Thomas Schaefer, Martina Biene, Gunnar Kilian at Kariega Plant in the Eastern Cape city of Gqeberha. Image: Supplied Thomas Schaefer, Martina Biene, Gunnar Kilian at Kariega Plant in the Eastern Cape city of Gqeberha. Image: Supplied

Company is also developing a new business model that will focus more on SA and Africa and less on exports.

Volkswagen is developing a new sustainable business model for its South Africa business that will involve a greater focus on increasing sales in the domestic market and Africa and less on exports to Europe.

The vehicle manufacturer is also working on plans to produce a third model at its plant in Kariega in the Eastern Cape city of Gqeberha and is confident it will have locally produced electric vehicles (EVs) in South Africa and Africa by 2035.

Thomas Schaefer, the global CEO of the Volkswagen Passenger Cars Brand and a former chair and managing director of Volkswagen Group South Africa, on Thursday, said that current challenges are that 80% of its production in South Africa is exported to Europe and the proposed Euro 7 emission will endanger its current business model.

Schaefer said rising logistics costs are also a major challenge, resulting in the shift in focus to regional markets.

“As a group, we believe in building cars where you sell them and not shipping them around the world,” he said.

Schaefer added that Volkswagen needs the regional and African market to grow and is determined to achieve this and identify the future of South Africa and Africa going forward as “not being dependent on some international treaty or something”.

Martina Biene, the newly appointed chair and managing director of Volkswagen Group South Africa, stressed local production of the Polo and Polo Vivo will both remain beyond 2025 and the new locally produced product being considered would not replace the Polo.

Biene said the product Volkswagen is considering producing in South Africa is currently not produced anywhere else “so its secret” but it has a special utility vehicle (SUV) body style.

Schaefer said they probably need another four or five weeks to get clarity and approval for the production of a third model in South Africa.

He added that there would be no need for Volkswagen to invest in additional production capacity at its Kariega plant for the third model.
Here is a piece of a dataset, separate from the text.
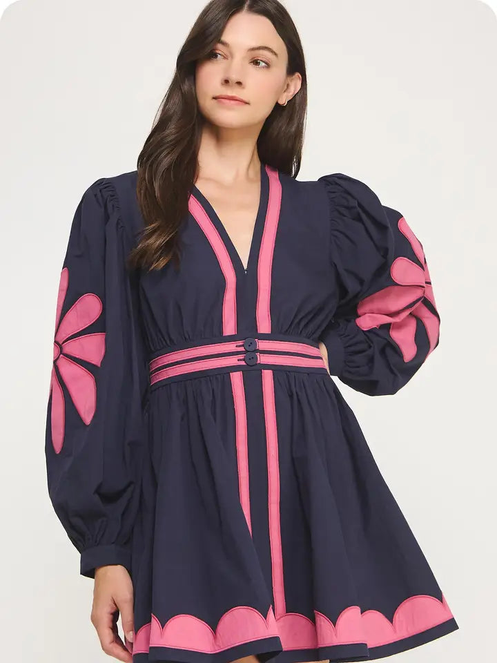 Flower Patch Contrast Embroidery Mini Dress

Biene said the plant has an annual capacity of 160 000 units, which they will optimise.

She also admitted there might be a decline in internal combustion engine (ICE) vehicle exports to Europe given that the Euro 7 legislation is “somewhere around the corner”.

But Biene stressed Volkswagen South Africa is fighting against fewer exports to Europe and to maintain its current production levels by firming it up with vehicles that are in demand locally.

Biene declined to comment on any investment that will be made in the plant for the new model, particularly as it has a different shape to what is currently produced there.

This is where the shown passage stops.